Original M0 was "Anthropic-only single-turn done." That's still right but with three corrections before moving to M1:

M0.1 — Hot-path fixes (this week)

Streaming tool dispatch (kick off tool tasks at content_block_stop, not after message_stop).
is_concurrency_safe: Callable[[input], bool] + concurrency cap (default 10, env-overridable).
Sibling-abort via per-batch CancelScope.
Tests + a recorded SSE fixture (vcr-style).

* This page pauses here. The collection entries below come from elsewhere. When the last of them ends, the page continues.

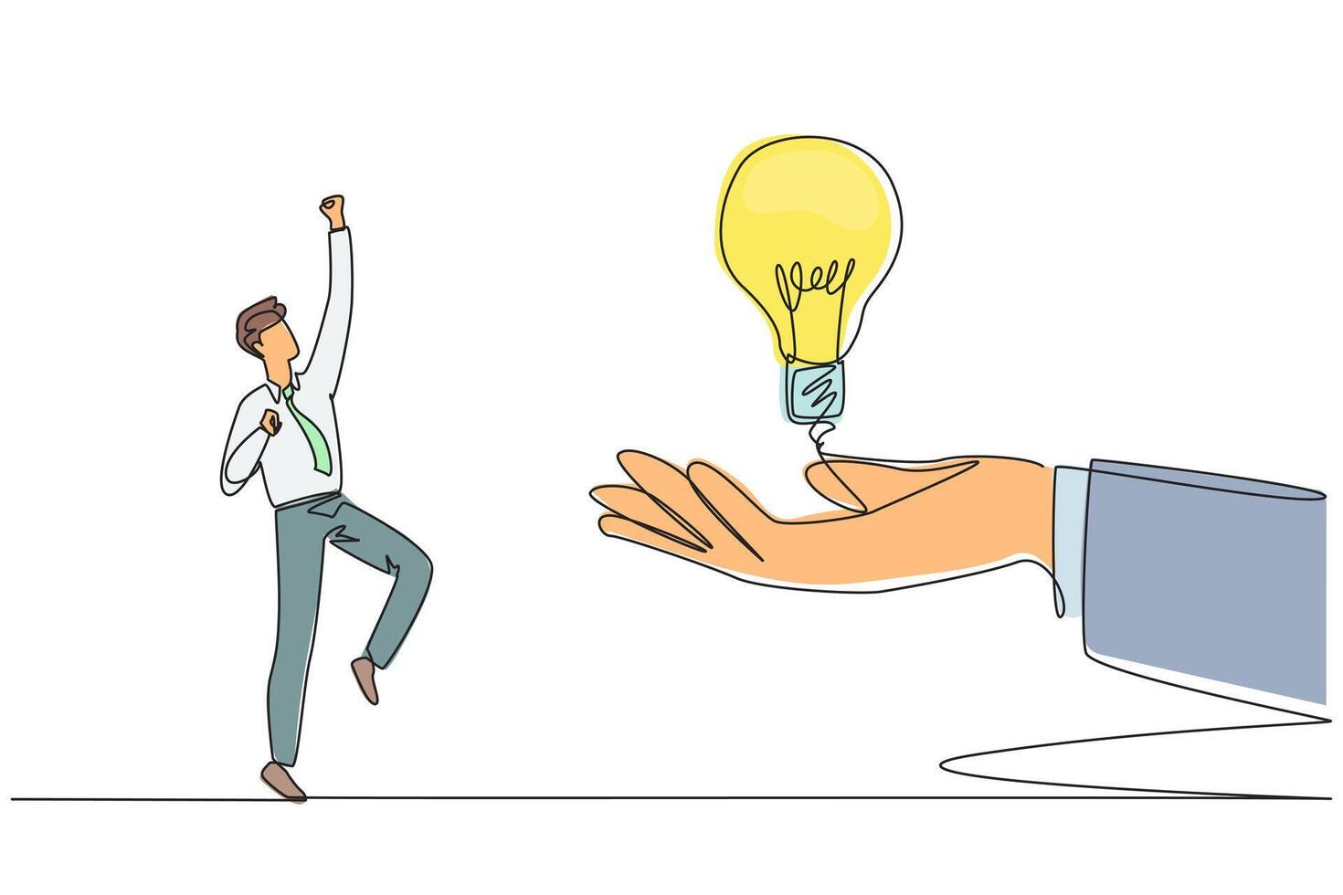Single one line drawing the businessman is excited to get a lightbulb from a giant hand. Sharing is caring. Getting the best innovation for the business. Continuous line design graphic illustration Pro Vector
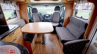 Märke chassi: Fiat Ducato, Vid köp av begagnad husbil hos oss ingår: Stor bodelsservice - Provtryckning av gasolsystem - Fukttest med protokoll - Motorservice - Kamremsbyte om erforderligt - Besiktning om erforderligt - Invändig städning - Utvändig tvätt - Demonstration av fordonet på leveransdagen - Garantier (gäller ej nivå- och tempgivare) - Utrustning inom parentes = Kontrolleras inte kan vara ur funktion och ingen garanti lämnas - Ospecificerad utrustning medföljer fordon utan garanti - Tjänstevikten kan påverkas av extrautrustning - Förmånlig finansiering - Gäller om inget annat avtalas
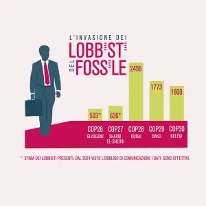 Anche quest’anno i lobbisti dei combustibili fossili hanno ricevuto più pass di tutti i delegati delle 10 nazioni più vulnerabili messe insieme, che sono rappresentate in totale da 1033 delegati. Ancora una volta gli interessi dell’industria fossile hanno più cittadinanza nell’ambito della Cop rispetto ai Paesi che subiscono maggiormente gli impatti della crisi climatica.

M0.2 — Safety surface 5. can_use_tool callback wiring. 6. Hooks dataclass with the same 28 event names as upstream. v0 implements 3: pre_tool_use, post_tool_use, stop. 7. max_budget_usd + per-model pricing JSON.

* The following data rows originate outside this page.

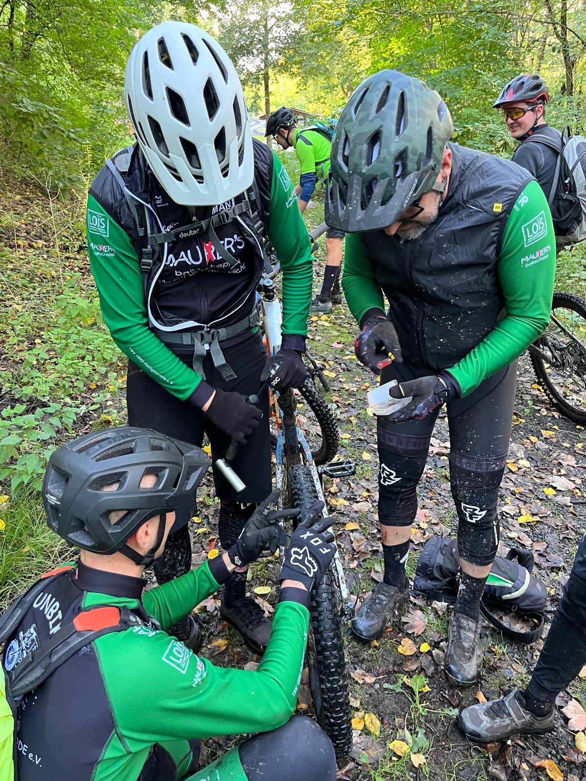 Am Samstag, den 28.09.24, trafen sich die Funbiker der Radsportabteilung zur traditionellen Saisonabschluss-Tour. Zum Ende des Sommers wird dabei jeweils eine tagesfüllende, längere Strecke in Angriff genommen. In diesem Jahr nahmen sich Andreas Vogel und Andreas Tügel der organisatorischen Aufgabe an und – wie jetzt nachträglich festgestellt werden kann – erfüllten sie genau auf die Art und Weise, wie der ihnen vorauseilende Ruf es erwarten ließ. Und so machten sich also 11 Funbiker auf den Weg in Richtung Naturpark Münden. Der Flurfunk sollte Recht behalten. Die gewählte Strecke ist als „4-Täler-Tour“ berüchtigt und in jeder Hinsicht anspruchsvoll. Neben den Eckdaten von knapp 60km und 1400hm stellt die Befahrung der Täler eine technische Herausforderung dar, da das Gelände teils steil und ausgesetzt ist. Die mehrfachen Querungen, der aufgrund des herbstlichen Wetters der Vortage gut mit Wasser gefüllten Bachläufen in den Tälern, über nasse grobe Steine setzte dem ganzen an diesem Samstag die Krone auf. Zu später Mittagsstunde erreichte die Gruppe zur geplanten Auffüllung der Energiereserven schließlich die Rinderstall-Alm. Die Bewirtung war vorzüglich und es ließ sich gut verweilen. Die Befahrung der Täler von Glasebach und Grundbach am Vormittag ging allerdings bereits mit der Überwindung von Sturmschäden und einer Reifenpanne einher, sodass der Zeitplan bis hierhin bereits stark strapaziert wurde. Zudem befand sich der harte Anschlag zum Abendprogramm im Hinterkopf, so dass die zwei Guides entschieden den Eselsbach zu streichen und direkt nach der Pause in Richtung Steinbachtal weiterzufahren. Der gewonnene Zeitpuffer sollte bloß nicht lange halten. Erneut forderte das Gelände seinen Tribut und ließ einem Hinterreifen die Luft entweichen, so dass die Gruppe sich der fachmännischen Reparatur widmen durfte. Als auch diese Hürde genommen war, galt es den Rückweg anzutreten und letztlich erreichten alle gestarteten Funbiker wohlauf und voll Zufriedenheit über die Tour das heimische Niestetal. Am Abend folgte noch ein weiterer Einkehrschwung, samt Familien ging es zum Abendessen mit anschließender Livemusik. Hierzu führten die zwei Organisatoren uns ins Lossetal, in den Kaufunger Hof. So wurden letztlich also doch ausreichend verschiedene Täler besucht.
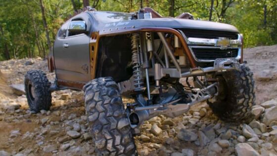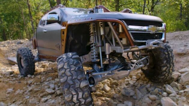 Тюнинговое ателье из Калифорнии Fab Fours создало настоящий монстр-трак на основе пикапа Chevrolet Colorado. Получившаяся машина получила имя Kymera, а отчет о своем проекте мастера выложили на YouTube-канале. В качестве базы для своего проекта конструкторы взяли Chevrolet Colorado 2015 модельного года. Начать они решили с того, что перенесли 5,9-литровый дизельный V8 от Cummins из-под капота назад, а также оснастили двумя турбокомпрессорами. Теперь каждое нажатие на педаль акселератора вызывает клубы черного дыма из выхлопной системы, а на колёса передаётся невероятная мощь в 650 лошадиных сил. Помимо силового агрегата тюнеры полностью переделали подвеску автомобиля. В новом варианте используется амортизаторы Fox и пружины, а мосты взяты от военных грузовиков. Машину оснастили системой заднего привода, а значит её размеры не повлияют на маневренность. Получившийся «монстр» великолепно преодолевает любое бездорожье, но на всякий случай у него предусмотрена мощная лебёдка на переднем бампере.
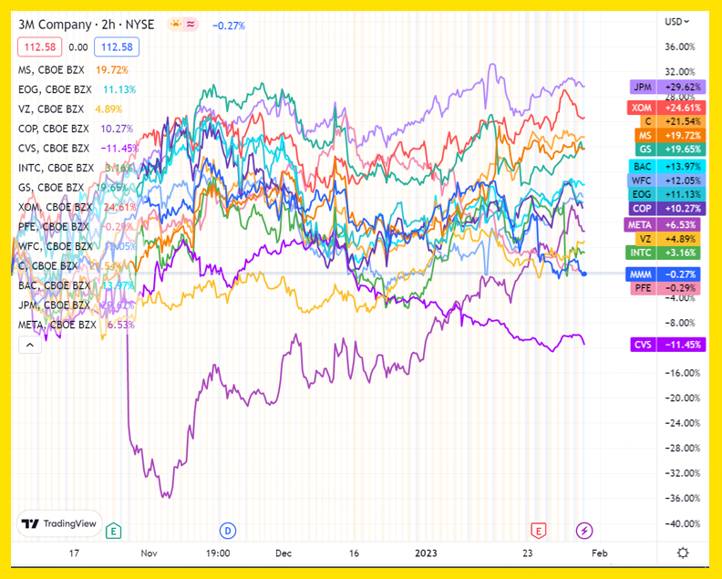 The 15 stocks are $Meta Platforms, Inc.(META)$ , $JPMorgan Chase(JPM)$ , $Bank of America(BAC)$ , $Citigroup(C)$, $Wells Fargo(WFC)$ , $Pfizer(PFE)$ , $Exxon Mobil(XOM)$ , $Goldman Sachs(GS)$ , $Intel(INTC)$ , $CVS Health(CVS)$ , $ConocoPhillips(COP)$ , $Verizon(VZ)$ , $EOG Resources(EOG)$ , $Morgan Stanley(MS)$ , $3M(MMM)$ .
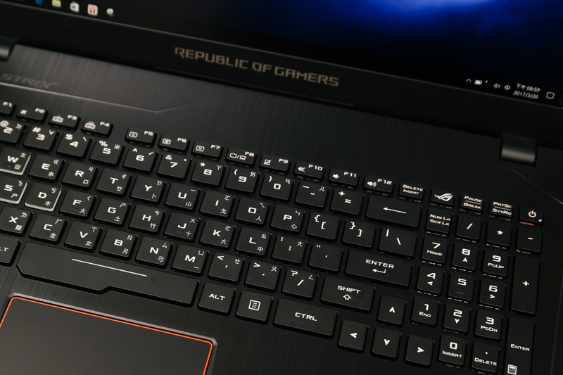 除了 A 蓋之外,裡面也全部都採用髮絲紋設計,質感真的很棒,在觸控板的部份採用無縫設計之外,再搭配一圈橘色線條圍繞,很像科幻電影中的電腦面板感覺。
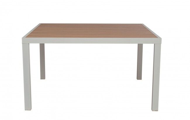 Vrtna kvadratna miza HILIJA 136x136 bela LD30 združuje stabilno aluminijasto konstrukcijo v beli barvi in ploščo z učinkom lesa za sodoben, a topel izgled na prostem.

M1 — Multi-provider (as before)

M1.5 — Compaction & thinking 8. thinking: ThinkingConfig knob. 9. SimpleCompactor.

M2 — MCP + sub-agents (as before)

M3 — Production polish + skills, output-schema enforcement, session fork.

Decision asks

Drop-in API shape. Upstream's public surface is query({prompt, options}) -> Query (async iterable). Mine is Agent(...).run(messages) -> messages. The Agent class is cleaner for typed code; their query() is more declarative. Recommendation: ship both. Agent is the primary, query() is a thin wrapper for drop-in compatibility.
Zod-equivalent schema. Upstream uses zod for tool schemas (gives JSON schema for free + runtime validation). I'm using type-hint introspection. Recommendation: keep my approach as the default, add an explicit input_schema= override (already exists), document that users who want zod-style validation can pass a msgspec.Struct and we'll derive the schema from it (cleaner than adding a pydantic/zod dep).
MCP types in v0 even though MCP itself ships M2. I want to write the McpServerConfig union, the Tool registry to accept MCP-provided tools, and the transport enum now so the agent loop already polymorphic. Cost: a few hundred lines of typed scaffolding that does nothing. Benefit: M2 is purely additive instead of an invasive refactor. Recommendation: yes, do it.

What I'm going to do next unless you say otherwise

Land the four M0.1 fixes on a branch and PR them.
Write the comparison this doc captures into a structured changelog.
Add MCP type scaffolding to types.py so the agent loop is already polymorphic.

If you want me to also wire OpenAI/Gemini before M0.1, say so — but I think the speed + safety hot-path fixes are more important than a second provider with a slow tool loop.